Dr. Redfield did not say he was wrong, or take up his view of not having a vaccine widely available until mid-2021.
The president’s rebuke to Dr. Redfield comes amid broader tensions between Trump’s top political advisers and government scholars responsible for shaping his administration’s response to the coronavirus pandemic.
Earlier on Wednesday, Michael Caputo, the head of communications at the US Department of Health, resigned after government scientists were accused of being part of a criminal plot to undermine the president.
The ministry said on Wednesday that Caputo will remain out of office for 60 days, days after he recorded a video on Facebook in which he accused public health professionals of forming a seditious “resistance unit” to harm Mr. Trump and aid his Democratic rival, Joe Biden. .
Public health officials, including Dr. Redfield, criticized Mr. Caputo’s video.

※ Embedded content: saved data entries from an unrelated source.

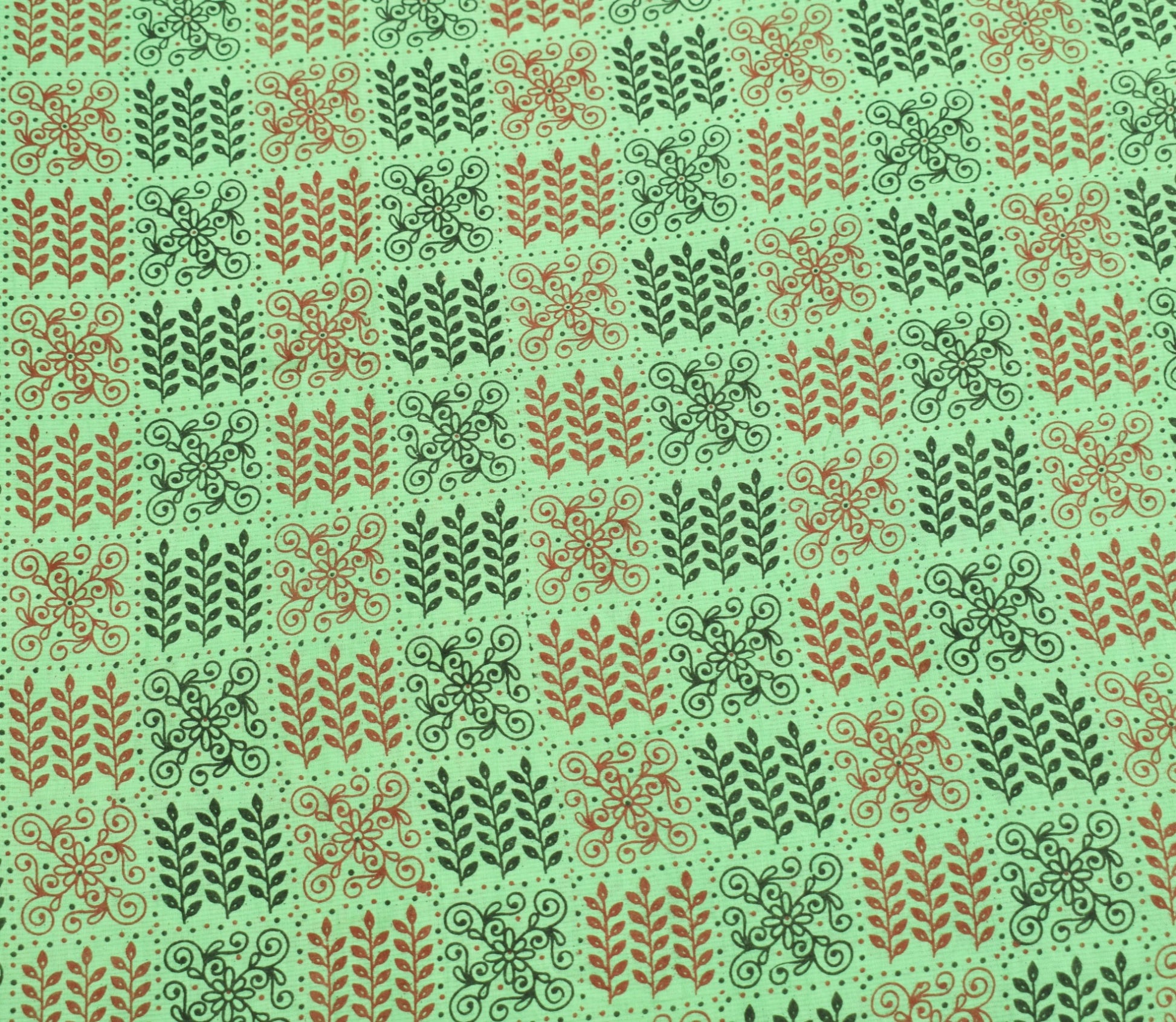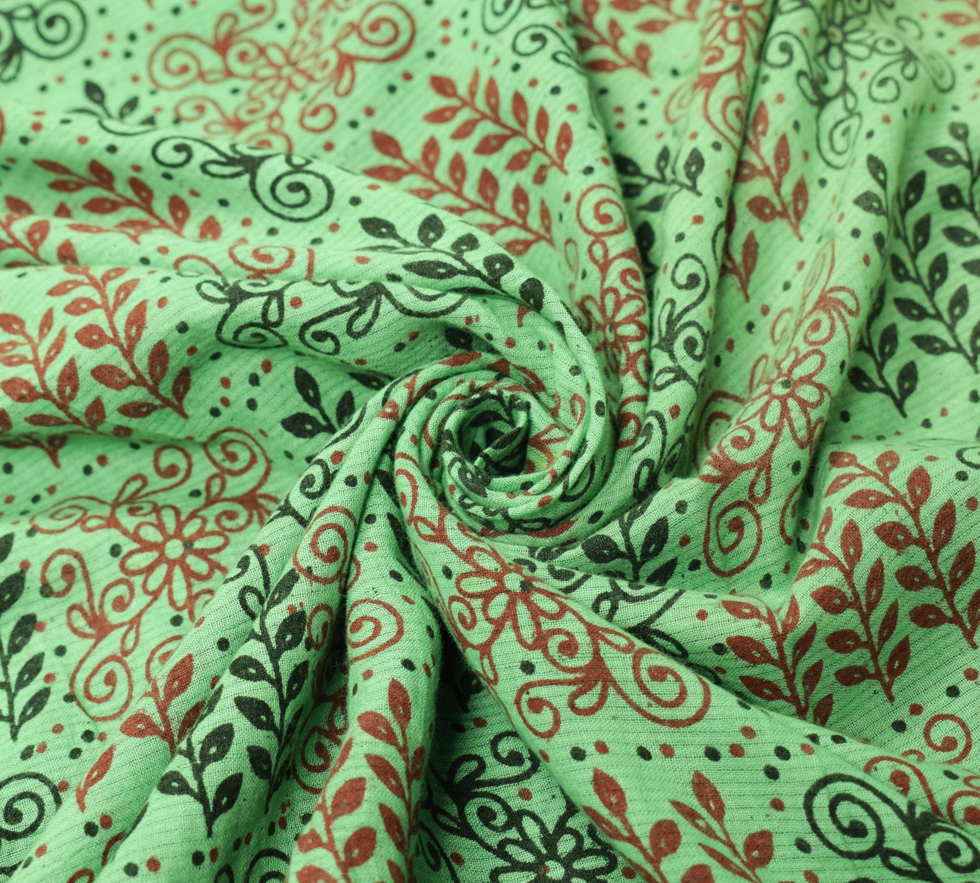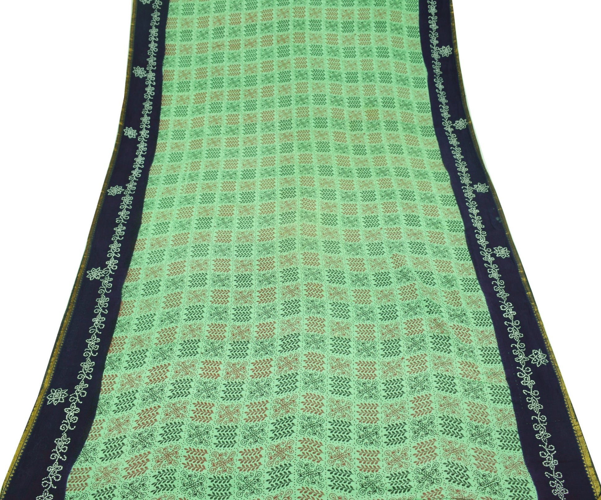 Sushila Vintage Green Saree Pure Cotton Hand Printed Floral Soft Craft Fabric
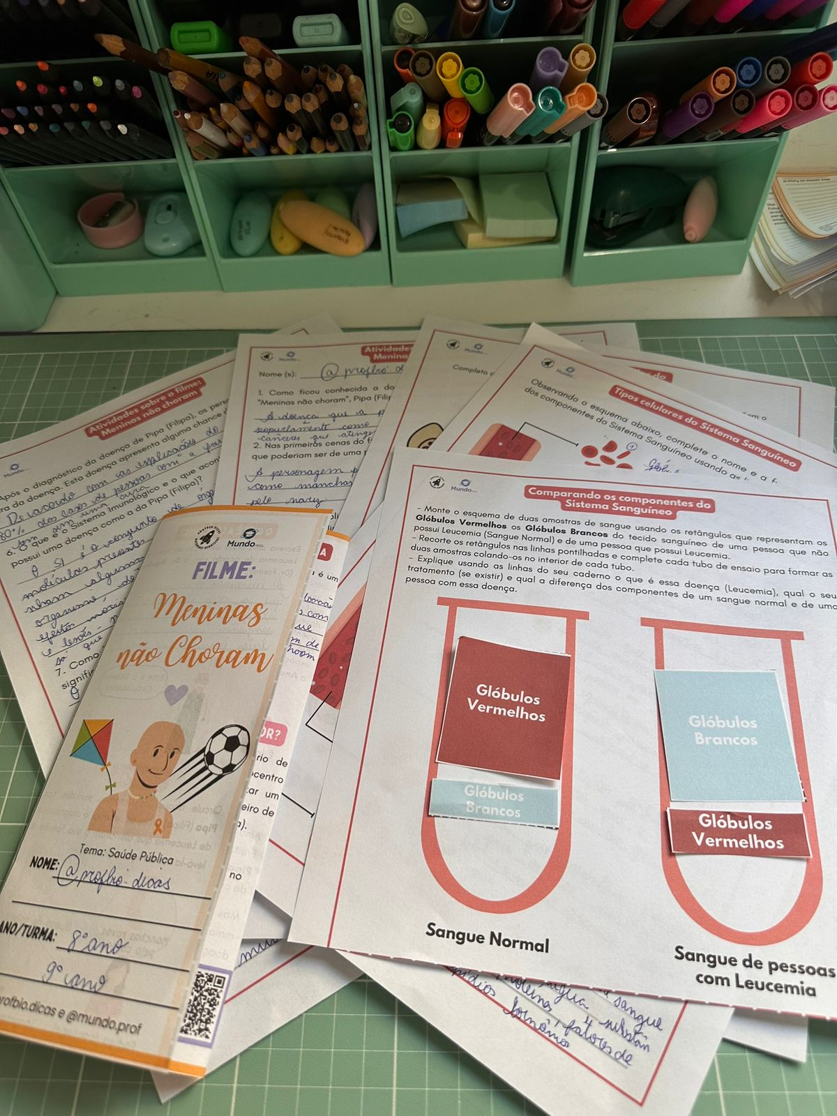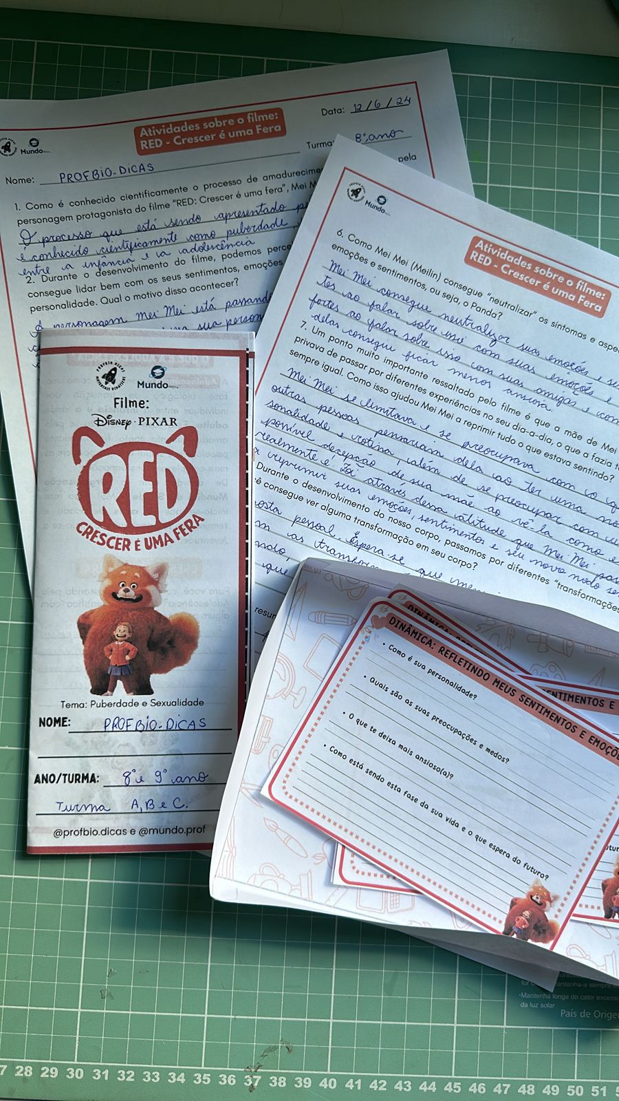 O material possui atividades de cada um dos filmes citados anteriormente, além de instruções, inclui sugestão de gabarito e versões colorida e preto e branca.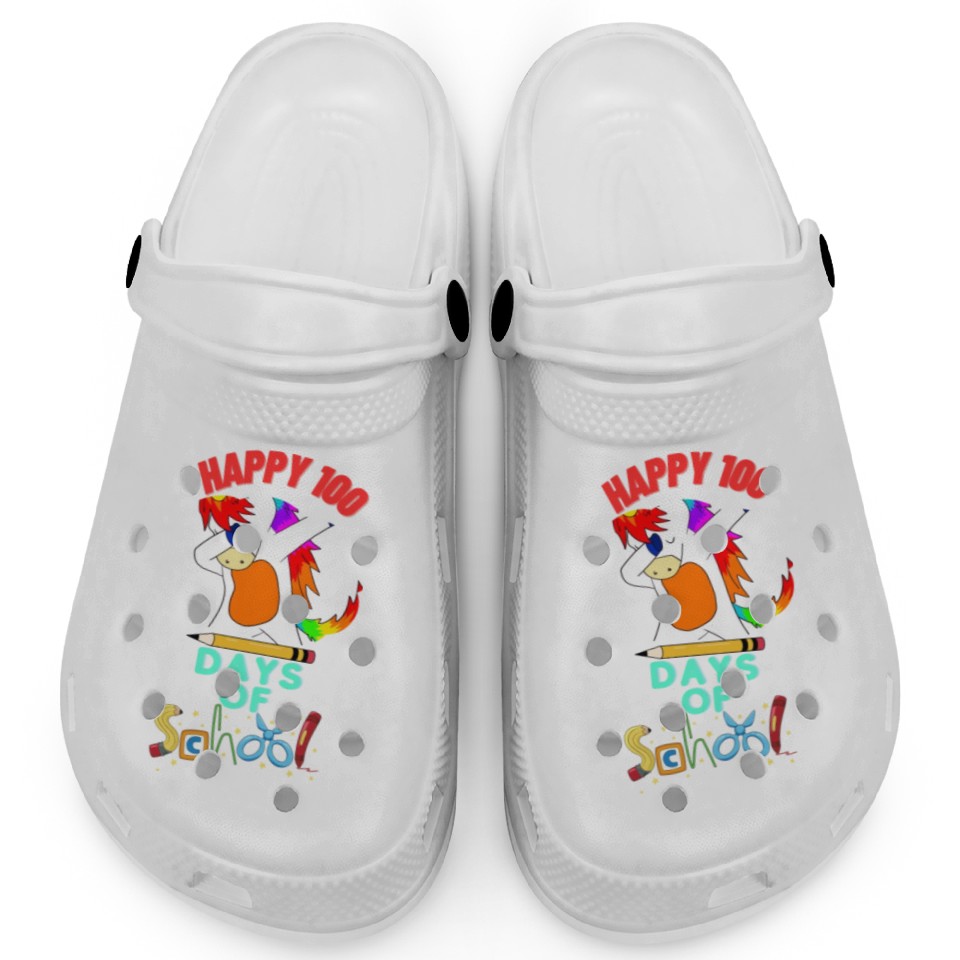 The product unique design you searched for is Happy 100 days of school Clogs For Kids WHITE belong theme Clogs at Printblur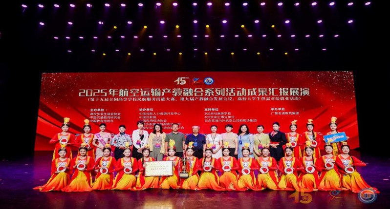 在激烈的赛事角逐中,我校代表队表现出色,荣获第十五届全国高等学校民航服务技能大赛本科综合类季军。韩雨萱、刘琦两位同学凭借优异表现获得形象大使殊荣,张敏同学成功跻身“世界旅游小姐金通赛区”二十强,将代表赛区参加2025年世界旅游小姐中国区总决赛。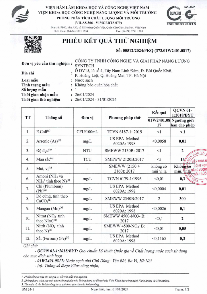 ⭐ Tiêu chuẩn nước sau lọc: QCVN 01-1:2018/BYT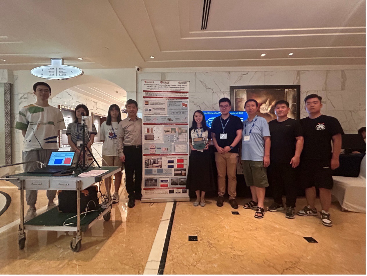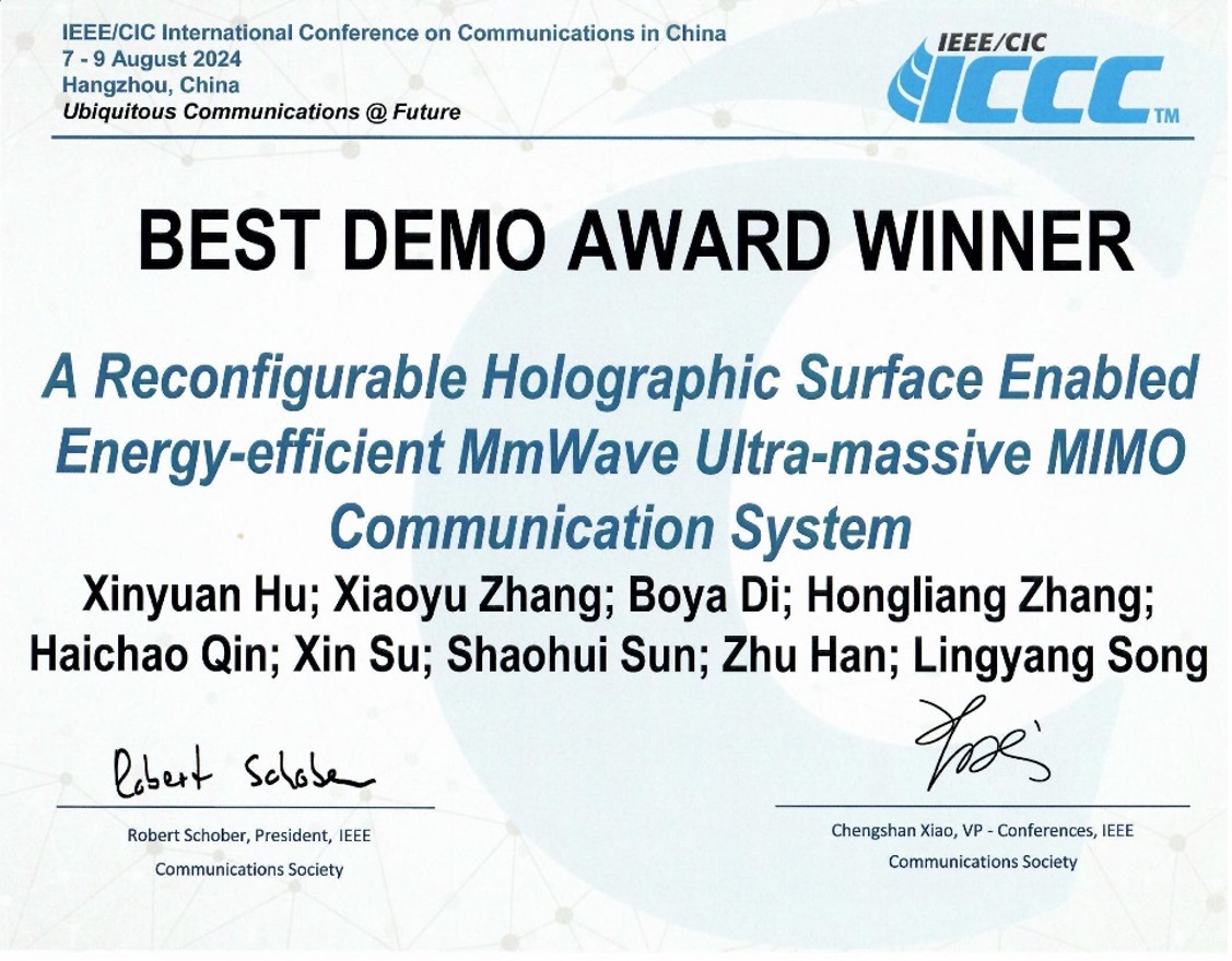 宋令阳教授、邸博雅助理教授、张泓亮助理教授联合实验团队与中信科移动团队、美国休斯敦大学Zhu Han教授共同完成的“可重构全息超表面大规模天线通信系统”(A Reconfigurable Holographic Surface Enabled Energy-efficient MmWave Ultra-massive MIMO Communication System)获得此次会议最佳演示奖(Best Demo Award)。本届大会中,共有66个研究团队进行了演示投稿,经组委会慎重评审,最终遴选出2个最佳演示奖。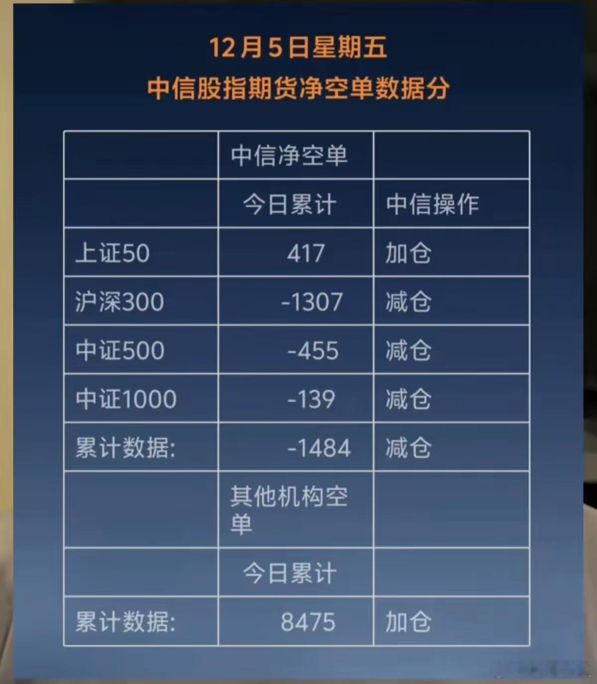 12.5周五 晚间 利空消息!中信大幅减仓了!机构也是跑路了!最新期指数据来了!中信净减仓1484手从期指数据看:刚刚才小涨一天,中信就迫不及待大幅减仓出逃,下周行情不容乐观,控制好仓位。不作为投资买卖建议,仅供参考。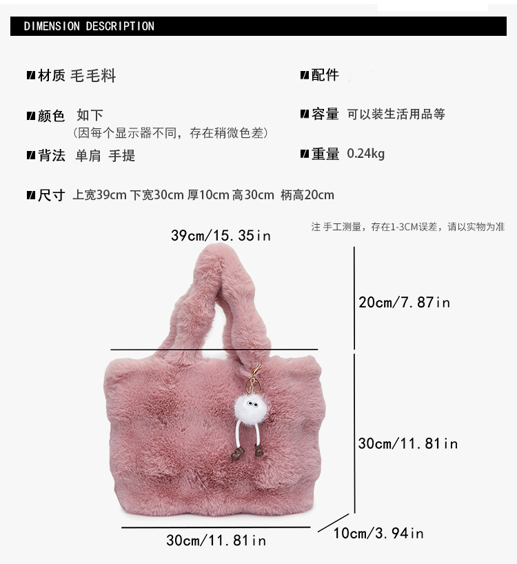 국경 간 마오 마오 가방 게으른 바람 봉제 소녀 버블 토트 백 가을과 겨울 고품질 양동이 핸드백스토어 가기

“There are scientists working in this government who don’t want America to improve, not until Joe Biden becomes president,” Mr. Caputo said in the video. But he also indicated that he was suffering from health problems, saying his “mental health definitely failed”.
On Wednesday, Mr. Caputo blamed a “lymph problem” for the stress he said he was suffering from, adding that he needed to take medical leave to “pursue the necessary checks”.
He reportedly apologized to staff for his comments.
Dr. Redfield told a Senate committee that he was “deeply saddened” by Caputo’s comments. Hours later, the Ministry of Health announced the temporary departure of Mr. Caputo, saying, “Michael Caputo decided to take leave to focus on his health and the well-being of his family.”
The ministry said Paul Alexander, a health professor appointed by Caputo to advise him on medical issues and who was accused of trying to interfere with CDC publications, would be leaving his post.